Ia tak perlu khawatir masalah uang. Ia punya banyak.
Ia tak perlu khawatir masalah rumah. Ia memiliki mansion megah.
Ia tak perlu khawatir masalah perawatan rumah. Ia memiliki banyak pelayan.

Walau hidupnya serba sempurna, ia masih memiliki keinginan. Tapi ia tak tahu apa keinginannya.

Tanpa ia sadari, kekosongan hatinyalah yang meraung minta diisi. Memang ia tidak sendirian, ada para pelayan, ada para klien, ada para teman bisnis yang bekerja sama dengan perusahaannya.

Tapi semuanya tidak benar benar menganggapnya ada. Dia hanya dianggap media untuk mendapatkan gaji, media untuk membuat perusahaan mereka lebih terkenal, dan lain lain.

Walau dia memiliki dua pelayan setia, yang setiap generasinya mengabdi pada keluarganya, ia tidak bisa leluasa di depan mereka. Ia merasa harus memakai topengnya di depan mereka.

"Lavi sama. Waktunya bangun." Kanda, pelayan setianya mengguncang pelan tuan mudanya.

Lavi membuka matanya. Alih alih pertama kali melihat Kanda, ia melihat Miranda - Maid setianya - menyiapkan teh dengan bau yang harum.

Lavi duduk. Ia menerima koran hangat yang baru disetrika Kanda. Lalu menerima secangkir teh dari Miranda.

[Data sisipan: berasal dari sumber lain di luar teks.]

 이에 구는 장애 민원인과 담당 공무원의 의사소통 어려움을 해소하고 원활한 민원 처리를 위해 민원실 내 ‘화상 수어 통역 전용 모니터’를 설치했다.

Miranda keluar. Kanda membersihkan set teh ketika Lavi selesai menyesap tehnya, mendorong troli keluar kamar. Miranda masuk dengan dibantu beberapa maid lainnya mengangkat gentong air panas. Setelah menuangnya di bak mandi, mereka keluar. Digantikan Kanda yang masuk lalu menyimpan koran tuannya. Ia mengangkat tuannya hingga ke depan kamar mandi dan mulai membersihkannya.

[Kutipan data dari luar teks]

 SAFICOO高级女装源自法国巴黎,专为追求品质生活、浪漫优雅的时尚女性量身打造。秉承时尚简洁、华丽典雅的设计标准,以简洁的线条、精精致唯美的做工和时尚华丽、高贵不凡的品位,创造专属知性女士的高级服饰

"Jadwal hari ini anda akan menghadiri kelas dansa bersama MsLala. Kelas sejarah bersama MsLulubell. Kelas ekonomi bersama MrsMoore. Kelas hubungan sosial bersama MrTyki. Dan ada pertemuan jam 7 malam dengan MrCamelot dari perusahaan CochoLotCo."

Seperti biasa Kanda membacakan jadwal tuannya sambil memakaikannya baju.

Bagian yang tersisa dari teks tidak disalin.